**The problem**
Only the lines below from the one that holds "(通讯员 张晓晴)11月23" through the one that holds "Эмалированная булавка NEVER" should appear in the answer, copied exactly, end lines included and pictures omitted.

[[ Data records, beginning ]]

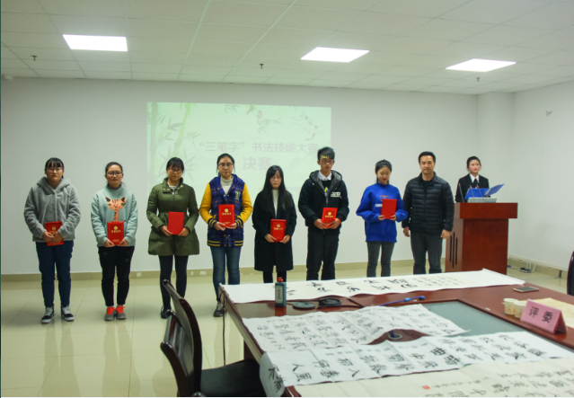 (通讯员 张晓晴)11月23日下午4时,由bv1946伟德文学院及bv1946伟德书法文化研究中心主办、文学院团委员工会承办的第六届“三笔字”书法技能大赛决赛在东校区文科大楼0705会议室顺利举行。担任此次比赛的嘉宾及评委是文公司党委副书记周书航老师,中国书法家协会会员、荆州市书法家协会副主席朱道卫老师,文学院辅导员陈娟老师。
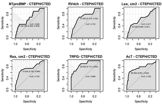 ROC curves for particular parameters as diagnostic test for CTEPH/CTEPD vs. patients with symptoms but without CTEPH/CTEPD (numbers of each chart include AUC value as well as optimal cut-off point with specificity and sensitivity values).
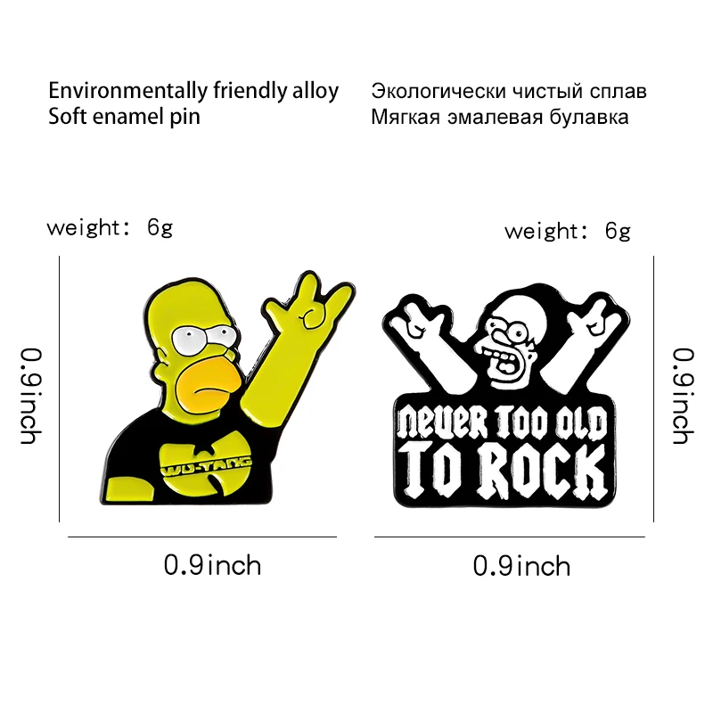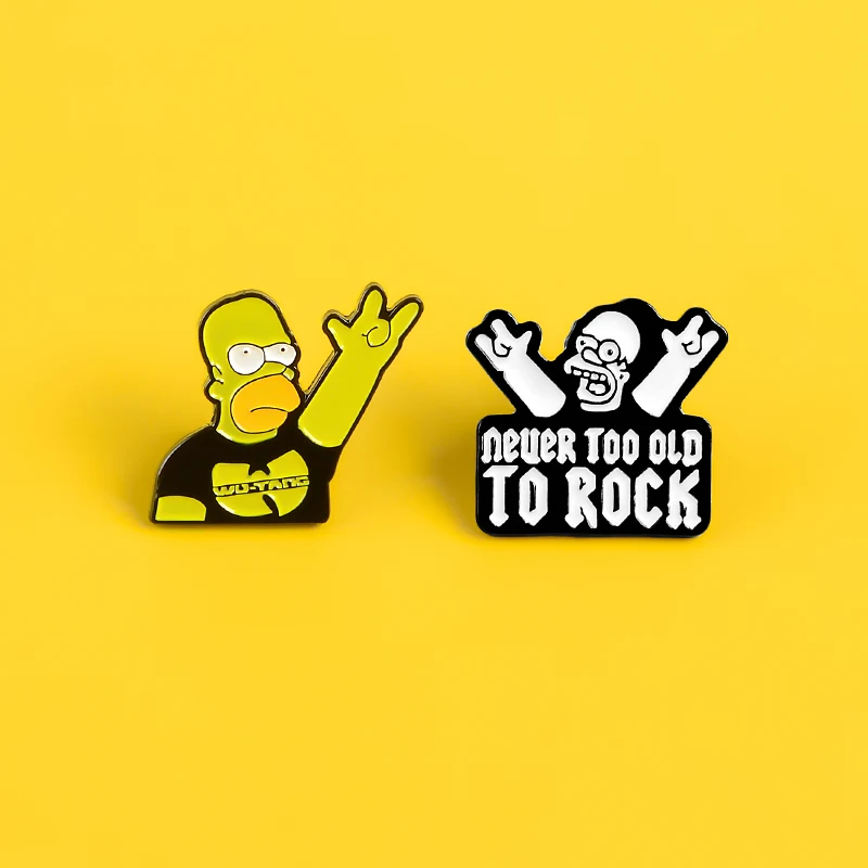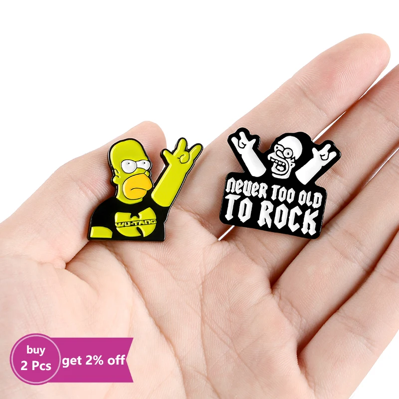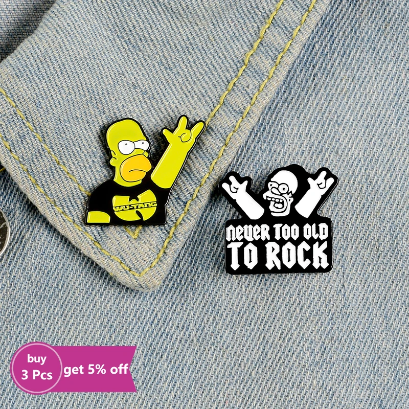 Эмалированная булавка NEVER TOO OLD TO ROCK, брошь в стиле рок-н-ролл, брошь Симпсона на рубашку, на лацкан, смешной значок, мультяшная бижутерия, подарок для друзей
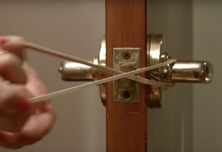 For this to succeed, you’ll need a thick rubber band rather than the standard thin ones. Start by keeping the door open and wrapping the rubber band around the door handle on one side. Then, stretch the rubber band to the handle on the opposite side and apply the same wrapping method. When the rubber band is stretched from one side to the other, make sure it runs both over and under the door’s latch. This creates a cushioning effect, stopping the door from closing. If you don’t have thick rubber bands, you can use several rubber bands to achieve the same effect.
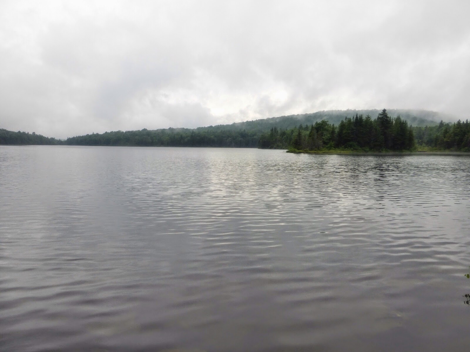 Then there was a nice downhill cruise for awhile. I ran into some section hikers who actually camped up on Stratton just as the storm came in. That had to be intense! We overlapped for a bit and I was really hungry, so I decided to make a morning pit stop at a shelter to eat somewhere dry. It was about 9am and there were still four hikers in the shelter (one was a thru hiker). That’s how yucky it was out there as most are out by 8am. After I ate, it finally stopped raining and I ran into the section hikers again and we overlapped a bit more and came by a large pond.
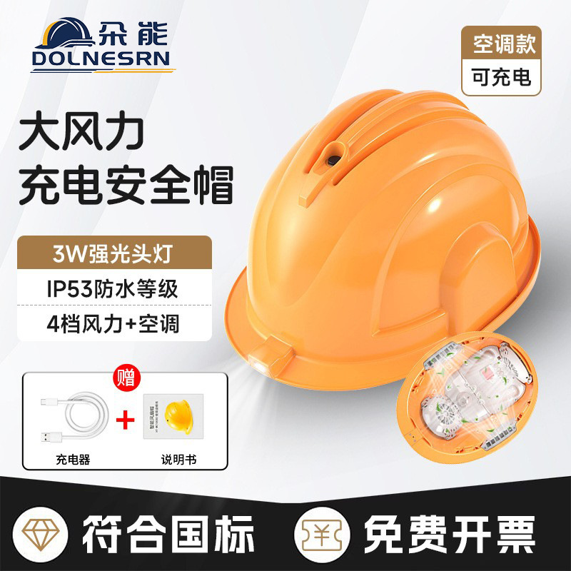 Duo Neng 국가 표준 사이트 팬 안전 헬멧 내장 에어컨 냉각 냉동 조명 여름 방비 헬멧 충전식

[[ Data records, end ]]
[[ Data records, beginning ]]

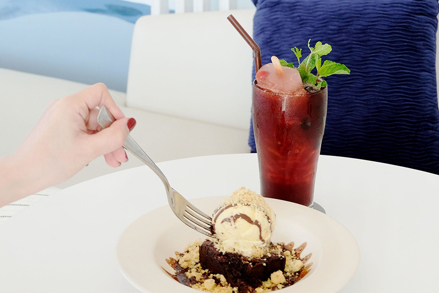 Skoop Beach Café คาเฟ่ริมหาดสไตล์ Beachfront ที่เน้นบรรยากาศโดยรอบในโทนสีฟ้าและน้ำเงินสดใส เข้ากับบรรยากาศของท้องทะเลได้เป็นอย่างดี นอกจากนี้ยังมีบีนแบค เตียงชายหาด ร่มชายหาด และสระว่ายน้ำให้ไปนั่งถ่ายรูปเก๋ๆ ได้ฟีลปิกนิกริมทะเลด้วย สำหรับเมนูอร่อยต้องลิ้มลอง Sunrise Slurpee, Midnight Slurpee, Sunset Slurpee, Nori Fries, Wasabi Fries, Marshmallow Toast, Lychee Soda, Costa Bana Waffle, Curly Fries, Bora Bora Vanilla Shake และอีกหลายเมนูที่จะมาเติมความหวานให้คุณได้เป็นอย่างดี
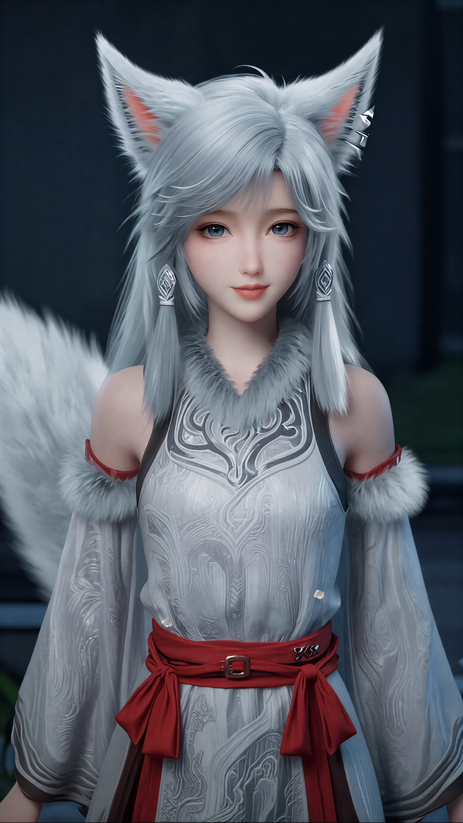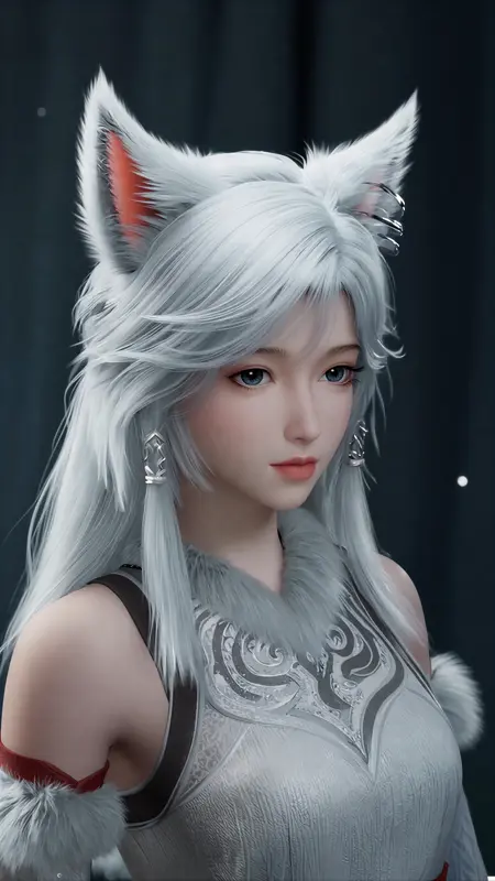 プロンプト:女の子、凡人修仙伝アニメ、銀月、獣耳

[[ Data records, end ]]
[[ Data records, beginning ]]

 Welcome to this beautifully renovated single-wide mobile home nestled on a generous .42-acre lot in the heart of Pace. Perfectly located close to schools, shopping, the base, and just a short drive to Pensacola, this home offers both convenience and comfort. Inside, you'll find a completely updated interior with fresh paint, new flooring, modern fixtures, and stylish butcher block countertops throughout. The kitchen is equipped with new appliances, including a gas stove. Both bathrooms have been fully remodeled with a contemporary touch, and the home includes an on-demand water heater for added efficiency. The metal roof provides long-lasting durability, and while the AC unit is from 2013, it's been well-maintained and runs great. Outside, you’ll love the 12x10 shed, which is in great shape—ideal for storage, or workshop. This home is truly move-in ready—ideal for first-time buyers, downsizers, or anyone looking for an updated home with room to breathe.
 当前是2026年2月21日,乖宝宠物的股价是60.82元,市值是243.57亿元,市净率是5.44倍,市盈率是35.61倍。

[[ Data records, end ]]

**Reply**
 (通讯员 张晓晴)11月23日下午4时,由bv1946伟德文学院及bv1946伟德书法文化研究中心主办、文学院团委员工会承办的第六届“三笔字”书法技能大赛决赛在东校区文科大楼0705会议室顺利举行。担任此次比赛的嘉宾及评委是文公司党委副书记周书航老师,中国书法家协会会员、荆州市书法家协会副主席朱道卫老师,文学院辅导员陈娟老师。
 ROC curves for particular parameters as diagnostic test for CTEPH/CTEPD vs. patients with symptoms but without CTEPH/CTEPD (numbers of each chart include AUC value as well as optimal cut-off point with specificity and sensitivity values).
 Эмалированная булавка NEVER TOO OLD TO ROCK, брошь в стиле рок-н-ролл, брошь Симпсона на рубашку, на лацкан, смешной значок, мультяшная бижутерия, подарок для друзей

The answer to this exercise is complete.